Monday, February 28, 2011

International Aid: Skip the Middle, Skimming, Man?

Slate had an article this past Friday on the international aid/development community: Is it better to give money directly to the poor people of the Third World, or give to their governments, who in turn distribute to the people.  This article coincides with the current discussion over Mubarak's and Qaddafi's personal fortunes skimmed from their countries.  Many government employees in the Third World are corrupt.  Development groups and advocates have long recognized the inefficiency of corruption.

There have been previous attempts to impose accountability on Third World bureaucracies.  American governmental aid generally comes with auditors, monitors, and reams of forms to fill out, in part to minimize foreign corruption.  The structural adjustment programs of IMF and World Bank were a response to the bloated and corrupt bureaucracies: With the ministries and state enterprises being a source of patronage and a job program for the ruling parties, it was no surprise that these countries would have to default.  To get new loans and aid, then, these countries must pare back their government, enact "austerity measures", to get back to an affordable level.
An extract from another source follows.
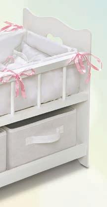 Wenn Sie Ihre süße Babypuppe zum Schlafen legen, warum ihr dann nicht den ultimativen Komfort und ein Hauch von Luxus gönnen? Das Bettchen verfügt über zwei herausnehmbare Aufbewahrungskörbe – ideal, um Puppenzubehör sicher und gri bereit zu verstauen. Innen ist es mit einer weißen Polsterung ausgekleidet und wird inklusive eines luxuriösen Kissensets für noch mehr Komfort geliefert. Herz-Ausschnitte, orale Verzierungen und rosa Schleifen runden das charmante Design ab. Krippengröße: 28,6 x 55,9 x 45,7 cm (B x L x H); für Puppen bis zu 50,8 cm Länge geeignet

We can see that the Structural Adjustment was a proximate cause of the current troubles in Egypt: World Bank and IMF forced Egypt to limit government size and to divest state enterprises.  Therefore young men could not get a cushy government job like their parents.  Therefore they can't marry and they got angry.  QED revolution.  Although the fundamental question naturally arises: How did their parents get all those iron rice bowl government jobs?
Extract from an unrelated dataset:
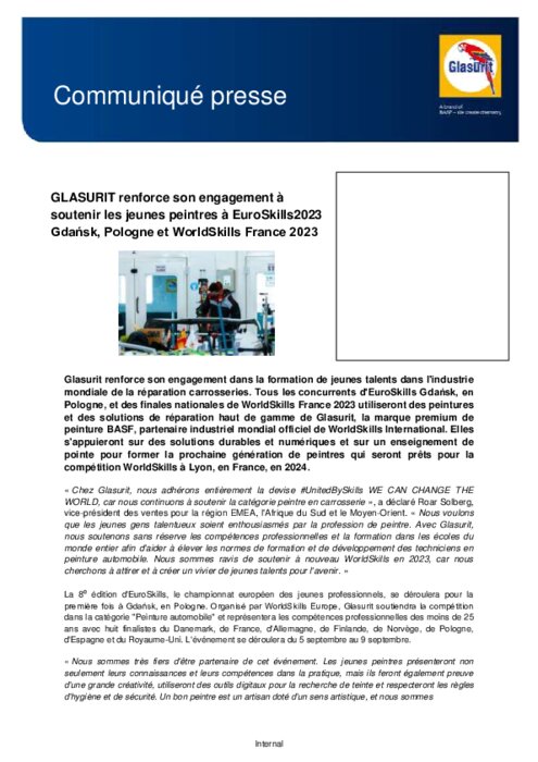 Tous les concurrents d'EuroSkills Gdańsk, en Pologne, et des finales nationales de WorldSkills France 2023 utiliseront des peintures et des solutions de réparation haut de gamme de Glasurit, la marque premium de peinture BASF, partenaire industriel mondial officiel de WorldSkills International.

In any event, Mubarak and his people had it coming to themselves.  Knowing that structural adjustment was coming, they could have prepared their people for a private-sector economy.  The redtape against starting a business in Egypt is legendary, sometimes exceeding the already bloated obstacles in India.  That could have been a starting point for Mubarak, coincident with the privatization.
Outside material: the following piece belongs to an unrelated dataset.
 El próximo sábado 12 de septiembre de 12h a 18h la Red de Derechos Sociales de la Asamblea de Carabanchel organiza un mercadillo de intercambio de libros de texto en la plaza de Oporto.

In any event, the move to cut out the middle man/government in dispensing aid is an alluring proposition.  If you just give poor people money directly, they can spend it well.  We're in the post-Westphalian age, anyway.  But the authors went ahead and cited two native government programs, where the government, that skimming government, was monitoring the poor for compliance with program conditions.  So you end up having to depend on a bureaucracy, either government or private, for ensuring compliance [such as sending kids to school and receiving vaccinations.]

To go around the government corruption problem, aid organizations and donors will essentially have to create their own private bureaucracy to execute the program on the ground.  Then, if corruption is an intractable cultural problem, this private bureaucracy will become corrupt over time, less and less effective.  And that's assuming your conniving government was willing to stand aside and forgo its loot.  Cutting out the government works only when the government has ceased to exist.

In addition, Western donors and aid organizations run into the command economy problem: they just do not have enough information at their level to make effective spending decisions on a long term basis.

The real answer, as many conservatives concluded in the '80s, was to cut the dole.  Most of the Third World governmental dysfunction come from our misguided welfare program.  Western food subsidies drive African maize and yam farmers out of business.  Western aid creates a large bureaucracy more focused on life in the cities than the poor in the countryside.  College grads make more money being the drivers of aid workers than being an engineer.  Only by stopping the money can we hope to starve the distorted incentive structure we have created.